John Wilson, the founder of Hyannis Port Capital, was originally sentenced to 15 months in prison before a federal appeals court in Boston in May upended his 2021 fraud convictions for conspiring to pay bribes to secure spots for his children at top universities. His new sentence also includes 250 hours of community service.
The court held that jurors were wrongly instructed that university admissions slots constituted property under federal fraud statutes.
That ruling overturned all of his trial convictions except on a tax fraud charge for taking $220,000 in fraudulent tax write-offs in 2014 for a quid pro quo payment he made to secure his son’s admission to the University of Southern California.
Prosecutors argued that crime would justify U.S. District Judge Leo Sorokin imposing a 15-month sentence once again, while defense lawyers said only probation was appropriate after Wilson’s “sweeping victory” on appeal.
A lawyer for Wilson did not immediately respond to a request for comment.
Wilson was among dozens of people charged in 2019 in the “Operation Varsity Blues” investigation, which exposed how some wealthy parents went to extreme lengths to secure spots for their children at elite universities including Yale, Georgetown and USC.
At the center of the scheme was William “Rick” Singer, a California college admissions consultant who in 2019 admitted he facilitated cheating on college entrance exams and funneled money from parents to corrupt university coaches to secure the admission of their children as fake athletic recruits.

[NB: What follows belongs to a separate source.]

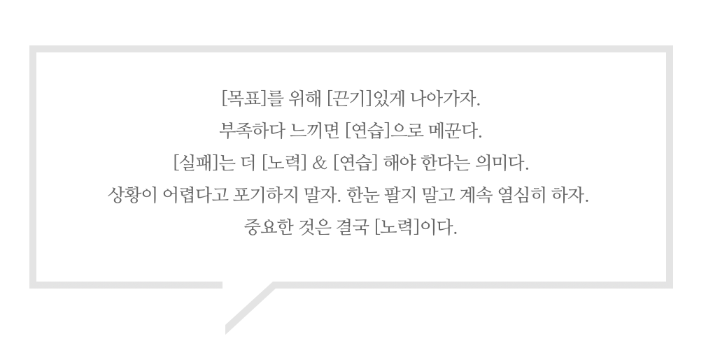 마지막으로 좋을때도 어려울때도 의심이 들때도 계속 앞으로 나아가려면 처음부터 끝까지 할 수 있다는 [희망]을 유지해야 한다. 쉬어갈 수는 있지만, 포기는 하지 않는다.

Singer was sentenced in January to 3-1/2 years in prison. Fifty people in total pleaded guilty, including the actors Lori Loughlin and Felicity Huffman, who were among Singer’s clients.
Prosecutors said Wilson was also one of Singer’s clients and in 2014 paid $220,000 to secure the admission of his son to USC as a water polo recruit. Singer then funneled $100,000 to an account controlled by USC’s water polo coach, prosecutors said.
They said Wilson subsequently deducted the payments as purported business expenses and a charitable donation on his tax return, allowing him to avoid paying nearly $90,000 in income taxes.
He and another parent, former casino executive Gamal Aziz, in 2021 became the first Varsity Blues defendants to face trial. Aziz was convicted alongside Wilson, but the 1st U.S. Circuit Court of Appeals vacated his conviction.